Our emphasis on missile defense was not without controversy, but abrogating the ABM Treaty so that we could develop missile defenses without limitation made the road considerably easier. On June 13, 2002, despite a last-minute congressional attempt to save the agreement, the United States’ withdrawal from the ABM Treaty officially went into effect. The Russians reacted calmly, issuing a statement of mild protest.
In January Donald Rumsfeld had restructured the Pentagon bureaucracy to streamline the development and procurement process for missile defense technologies by establishing the Missile Defense Agency. By December the President announced that the United States would begin fielding initial missile defense capabilities that included ground-based and sea-based interceptors as well as detection sensors located on land and sea, in the air, and in space.
By far the most controversial and difficult issues concerned how to check and control the suspected ambitions of North Korea, Iran, and Iraq to pursue WMD programs. The three states were different both in their levels of development and in the regional implications of their programs.
As noted before, the President had rejected any return to the Agreed Framework with North Korea because he—and all of us—believed it to be flawed. The North Koreans had taken the benefits, including $4.5 billion to build two light-water reactors, but by late 2002 they were once again threatening to expel all nuclear inspectors and restart plutonium-reprocessing facilities at Yongbyon. That was a familiar pattern with the North Koreans. As President Bush put it, “He [Kim Jong-il] throws his food on the floor, and all the adults run to gather it up and put it back on the table. He waits a little while and throws his food on the floor again.” It was an apt description, but, given the consequences of conflict on the Korean peninsula, there didn’t seem to be many alternatives.
It was in this context that we set about the contentious process of developing a follow-on strategy to the Agreed Framework. The divisions were deep, with State on one side and Defense and the Office of the Vice President on the other.
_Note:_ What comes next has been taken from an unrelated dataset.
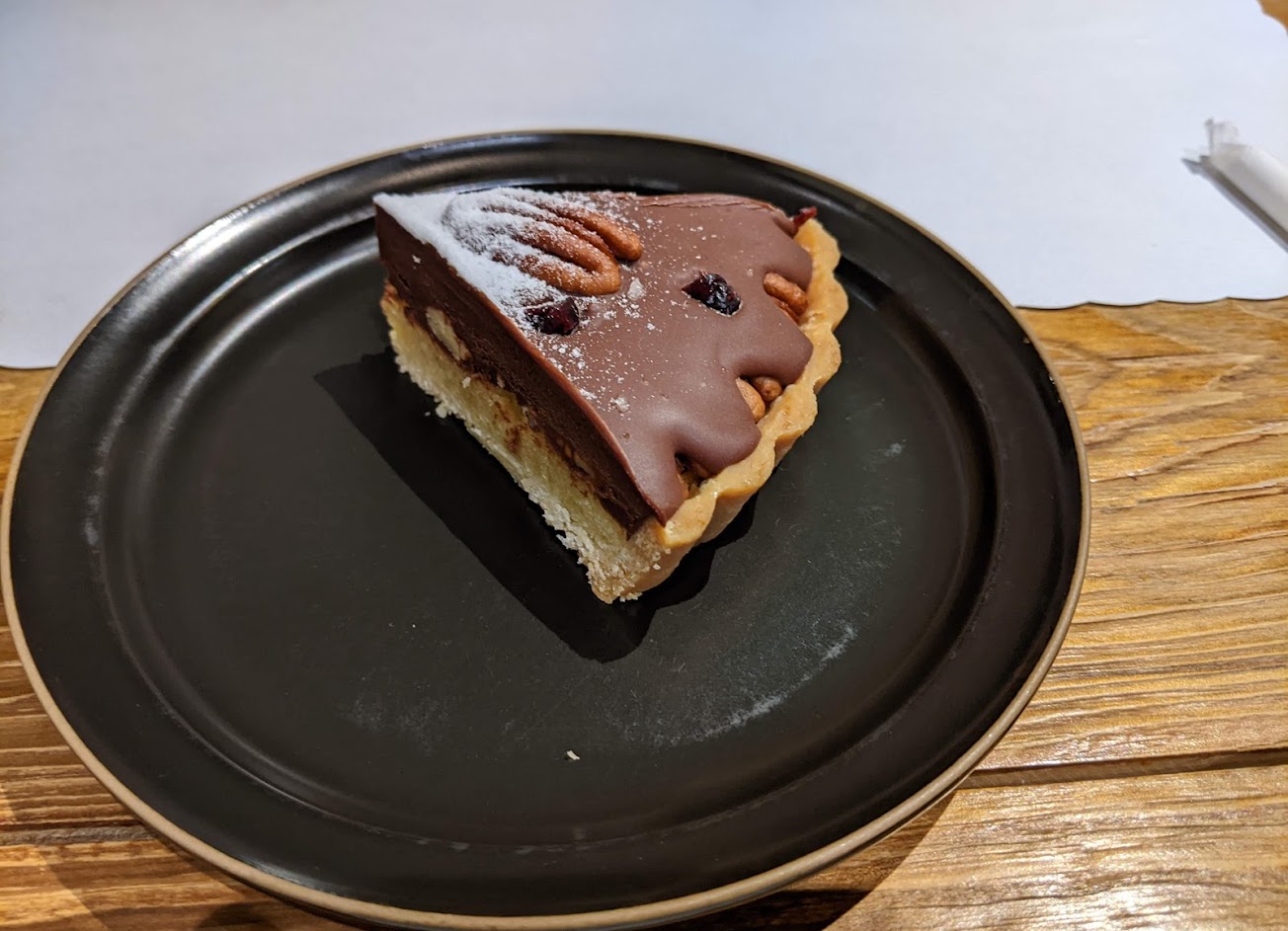檸檬塔不錯;巧克力塔好歸好但有點膩,創意是最下層是QQ麻吉但搭起來不突出;太妃焦糖戚風,蛋糕體有點乾,鹽的品質有點死鹹;抹茶千層好吃!
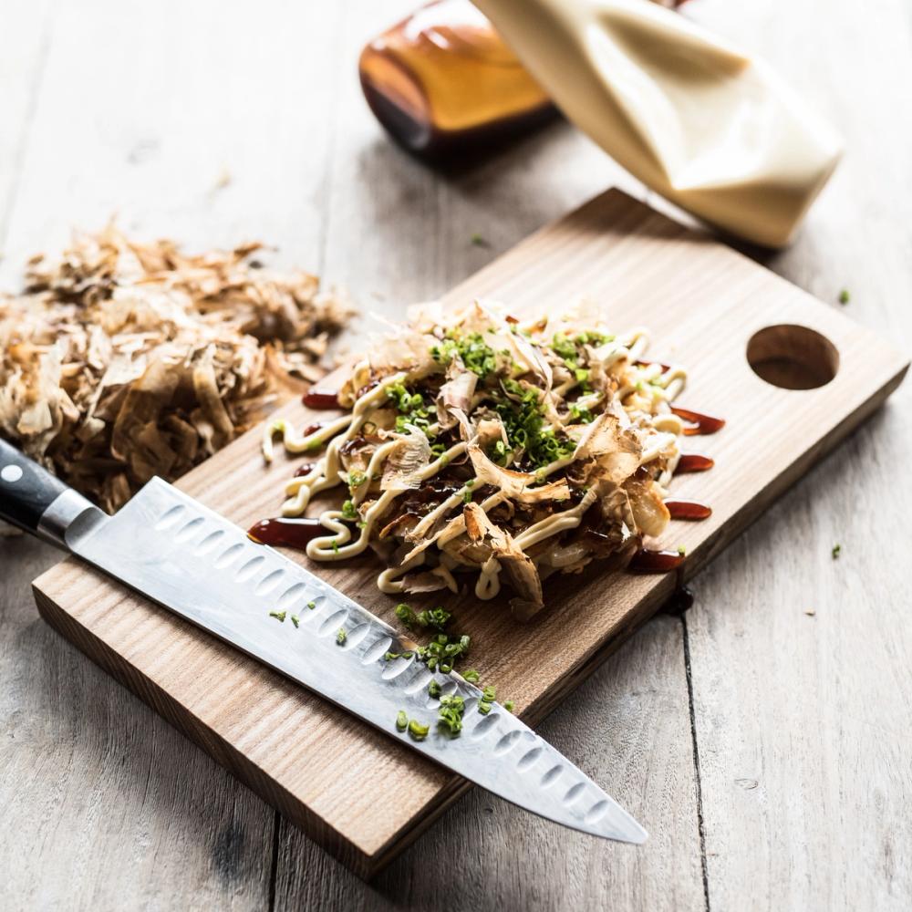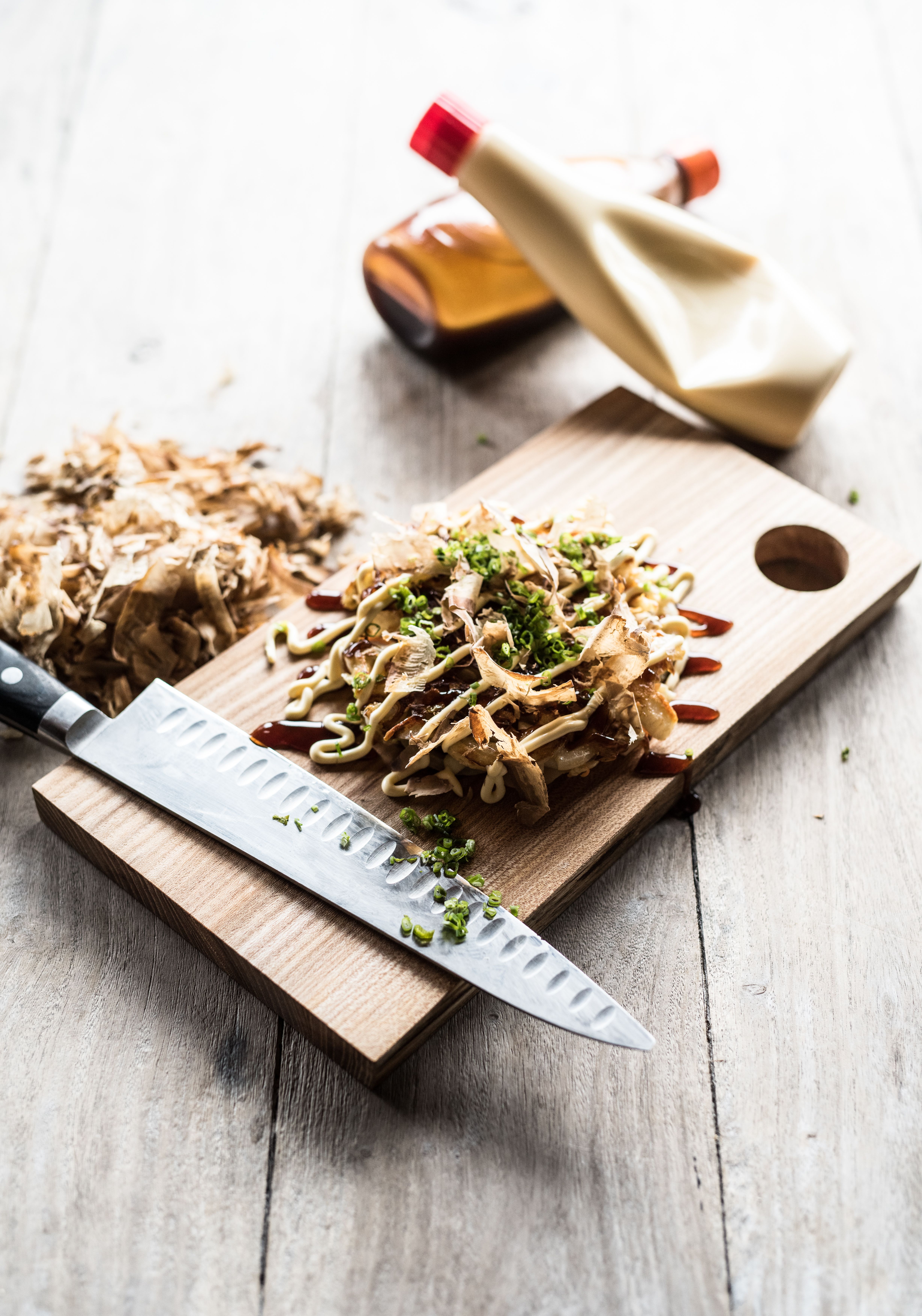 Vi lader sushien ligge og arbejder i stedet med andre fantastisk velsmagende sager som okonomiyaki – en afhængighedsskabende madpandekage, som laves i mange lokale varianter.

In fact, State suffered from disunity within its own ranks. John Bolton, the newly appointed under secretary for arms control and international security, oversaw the department’s bureau that developed proliferation policy. John had been Colin’s “neocon hire,” in deference to the President’s desire to have his administration reflect the full range of opinions in the Republican Party. But John was loyal to his ideological soul mates, not to the secretary of state, and was a constant source of trouble for Colin.
The schism would persist throughout the eight years of the administration. In part this was a structural problem. The secretary of state is the chief diplomat and not surprisingly tries to solve problems diplomatically. Sometimes this involves talking—and taking steps forward—with unsavory regimes, or even enemies, in order to see if there is an overlap of interests. One can hardly negotiate successfully with a regime if one is publicly committed to its destruction. The Vice President and, to a lesser extent, Don Rumsfeld believed that those regimes would never make a deal and that any deal that could be made was not worth having. They made a reasonable case for toughening sanctions and isolation to lay the groundwork for regime change.
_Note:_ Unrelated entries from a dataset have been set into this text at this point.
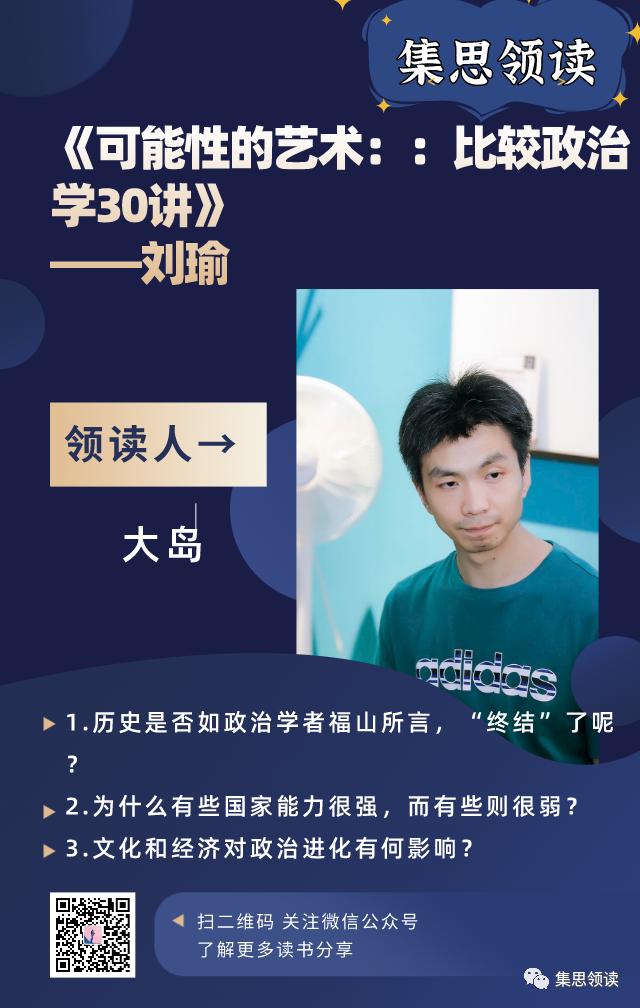 毫无疑问,比较政治学是这本书的主要议题,但我们必须把目光聚焦于“可能性的艺术”才有助于我们真正理解其内核。“政治是可能性的艺术”这句话最早出自俾斯麦,它通过“艺术”这个词表达了政治的力量,又通过“可能性”这个词表达了政治的限度。所以,这本书如果要提炼一个核心思想的话,那就是:政治创造可能,但是政治亦有其边界。
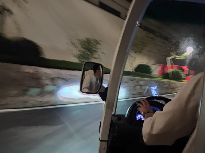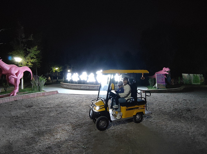 一直到夜幕降临,看到了景区的巡逻车,搭车到了景区门口,又租了一辆电瓶车,绕着景区转了一圈,发现了动物园门口的小滑。
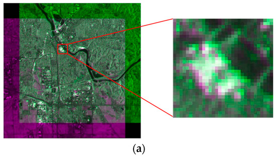 Figure 15 and Figure 16 show the resulting pseudocolor plots of the registration to the two sets of experimental data using BFSIFT, SAR-SIFT, and the method proposed here. In the pseudocolor diagram, green indicates the reference image, and purple represents the image to be registered. The two images are overlapped so that the registration effect of each method can be observed more clearly. The red rectangle box in the left image is the position of the right zoom-in in the original image. The SAR image registration obtained by the BFSIFT method and SAR-SIFT method did not accurately align the image to be registered to the reference image. The two overlapping images on the pseudocolor map have an obvious alignment error. The registration results of the proposed method have the best registration effect, and the reference image overlaps the image to be registered well.
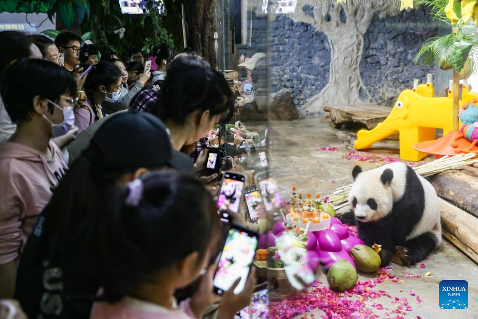 Visitors watch giant panda Gonggong taking food at the Hainan Tropical Wildlife Park and Botanical Garden in Haikou, south China's Hainan Province, Nov. 25, 2023. Giant pandas Gonggong and Shunshun have lived in Hainan for five years since they made their public debut at the Hainan Tropical Wildlife Park and Botanical Garden in 2018. A celebration ceremony was held here on Saturday, attracting lots of visitors. (Xinhua/Zhang Liyun)
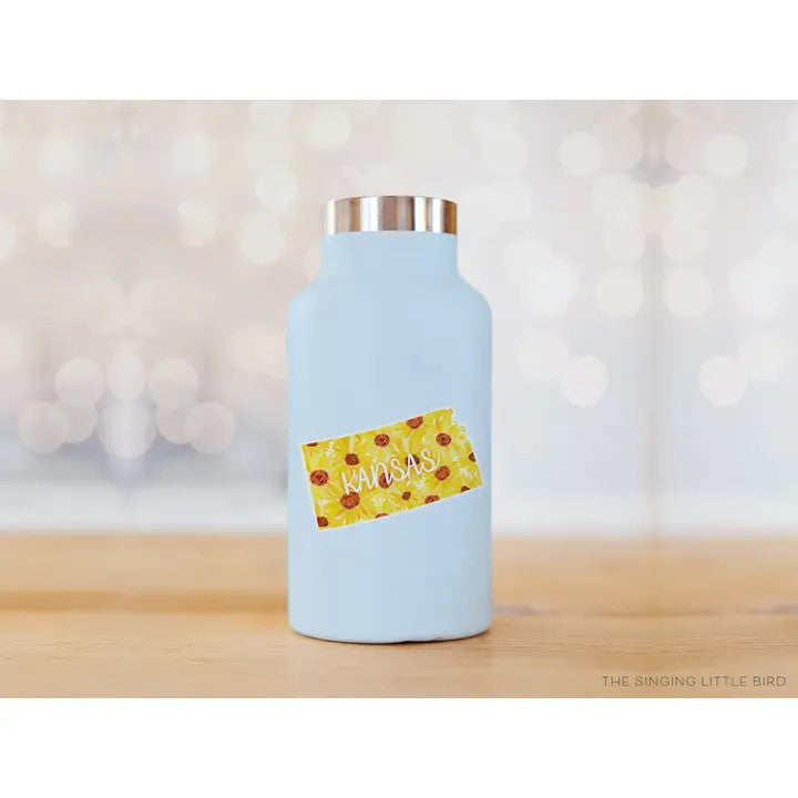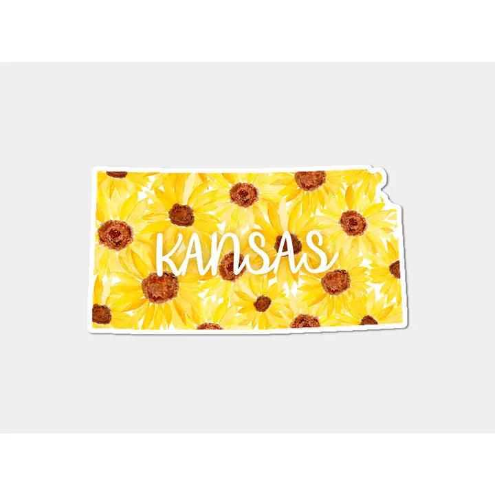 • White Matte Premium Vinyl Die Cut Sticker • Measures approx. 4" on longest side • Coated with a protective laminate that makes them extremely durable and resistant to fading, scratching, tearing, and water • Designed and printed in the USA • Loose stickers (no additional packaging) for easy display Kansas Vinyl Sticker | Watercolor Kansas Sunflower Decal Sticker | Die Cut Durable Weatherproof | Laptop Cell Phone Water Bottle Sticker

Frankly, the President was squarely on the hawks’ side of the fence. I too was drawn to the side of unrelenting pressure on those regimes, but I could also see two problems with the approach. First, back in 1994 some people in the Clinton administration had reasoned that the North Korean regime might collapse before the United States actually had to deliver the benefits of the Agreed Framework. It didn’t and was as diabolically resilient as ever. If Kim Jong-il had to freeze his people to death in the face of a cutoff of fuel assistance, his view was “So be it.” North Korea had plenty of ways to buy, steal, and smuggle what it needed to ensure the relative comfort of the regime and its military. The malnourished, oppressed, and isolated population was unlikely to rise up against the “Dear Leader.”
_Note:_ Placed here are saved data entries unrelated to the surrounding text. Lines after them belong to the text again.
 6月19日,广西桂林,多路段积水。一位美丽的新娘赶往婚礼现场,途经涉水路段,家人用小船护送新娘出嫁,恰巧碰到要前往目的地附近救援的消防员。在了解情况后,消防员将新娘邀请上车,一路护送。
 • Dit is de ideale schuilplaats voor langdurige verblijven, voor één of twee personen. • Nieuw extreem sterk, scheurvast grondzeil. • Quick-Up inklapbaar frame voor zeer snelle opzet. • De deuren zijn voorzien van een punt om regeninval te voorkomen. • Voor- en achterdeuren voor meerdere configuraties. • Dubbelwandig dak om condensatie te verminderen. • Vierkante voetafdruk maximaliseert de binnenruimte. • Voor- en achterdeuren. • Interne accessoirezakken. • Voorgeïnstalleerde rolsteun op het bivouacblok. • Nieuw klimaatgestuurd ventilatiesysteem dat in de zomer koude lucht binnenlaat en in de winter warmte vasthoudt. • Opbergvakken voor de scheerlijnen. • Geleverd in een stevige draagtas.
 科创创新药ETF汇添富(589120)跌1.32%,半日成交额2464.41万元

Second, a U.S. policy of complete isolation of North Korea in the service of regime change was not, in the long term, one that others in the region, particularly China and South Korea, would likely abide. In that policy they would see only U.S. intransigence, and pursuing the strategy would create constant tension with those states. Though they might have feared that the United States would use military force, they needn’t have worried: the Pentagon wanted no part of armed conflict on the Korean peninsula. We were without a workable policy.
By the beginning of 2002, it was already clear that we needed a new approach. In March, after much debate, we notified Congress that North Korea was not in compliance with the terms of the Agreed Framework because it had failed to make a complete and accurate declaration of its nuclear activities and refused to allow inspections of related facilities. The notification meant an end to the $95 million in foreign assistance to keep the program afloat. At the eleventh hour, the President made a decision to stand by the determination but to grant a waiver so that the $95 million in foreign assistance to the North was not affected. That gave us time to develop a new approach without setting off a firestorm of protest among our allies.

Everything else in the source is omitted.